Spoonbills joining in


Six stirring Dalmatian Pelicans

I am always amazed at how Dalmatian Pelicans somehow mysteriously multiply before your eyes and the flock slowly crept up to 18 (Gina and Steve had 20 a while later). Fourteen Black Storks, 22 Spoonbills, 12 Great White Egrets and some of the 42 Little Egrets and 24 Grey Herons joined in the melee. As ever it was a magical bird bun fight!

Dalmatian Pelicans 

Black Stork

Waiting for the Cormorants to come back...

The Frenzy - Full screen, HD and volume up!

A flock of 11 Mallard was the biggest group so far and two Teal disappeared quickly while the Sandwich Tern flock noisily departed once again for the Bay and the adjacent Polichnitos saltpans. We avoided the huge sheep stampede once again as they headed off for the day and when the dust settled heard three Zitting Cisticolas on the way back.

Stand back and make sure the dust cloud goes the other way!

The bump back through the middle only offered a few Red-backed Shrikes and Whinchats and a lone juvenile Turtle Dove.

 Red-backed Shrike coughing up a pellet

 Red-backed Shrike - the male in his usual spot

Breakfast was interrupted by Steve doing show and tell with a fine Levant Hawkmoth which I then took on a tour of the Pela before hanging it out of the way in a Fig tree.

Levant Hawkmoth

Levant Hawkmoth - about Elephant HM size

From here the day became something of a history tour with the mighty Moria Roman Aqueduct (cracking Scarce Swallowtail there!) being followed by the 3-4000 year old Bronze Age settlement at Thermi. Once again we were the only visitors and the man on site was very pleased to see us! Unlike last September there were no migrants in the grounds but a fine adult Ant-lion made up for it.

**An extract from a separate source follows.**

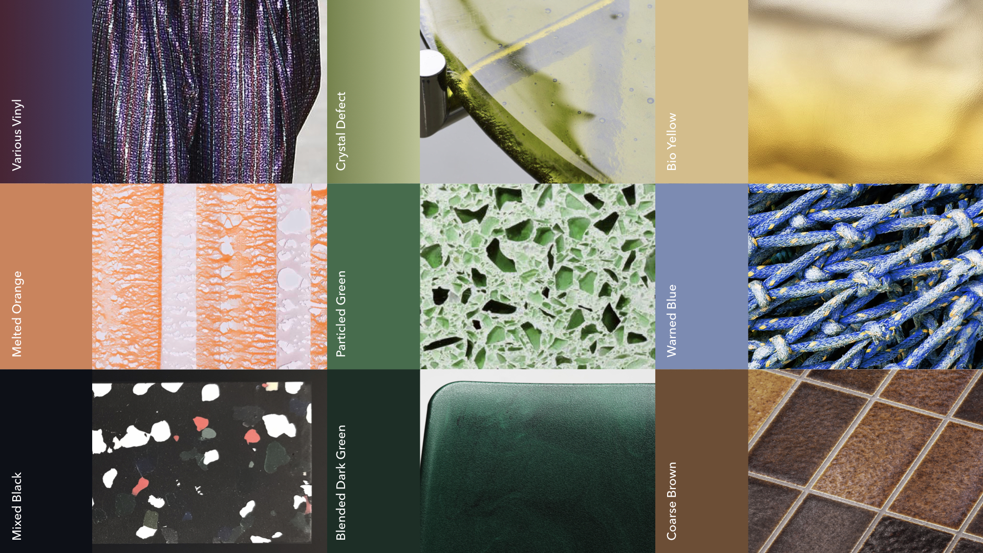 바이오 소재와 폐기물을 자원으로 순환시키는 전략에서 추출한 컬러로 제안 컬러를 구성했다.

Moria Roman Aqueduct - there were House Sparrows up on top but I always think that Rock Sparrows should be here too

Scarce Swallowtail 

Scarce Swallowtail 


Possibly a different Merodon sp - furrier and dark femurs

Adut Ant-lion

Slender Green-winged Grasshopper (Aiolopus thalassinus) -thanks Fraser S

We continued up the spectacular coast past turquoise and ultramarine bays with Sardinian Warblers easily heard from the car before a wasp infested lunch at Skala Sykaminia and an almost bird free drive along the North Track with just a few Eastern Black-eared Wheatears and a male Goshawk low through the Oaks. It was hot and dusty.

The wind got up during the evening and a quiet night in was had by all.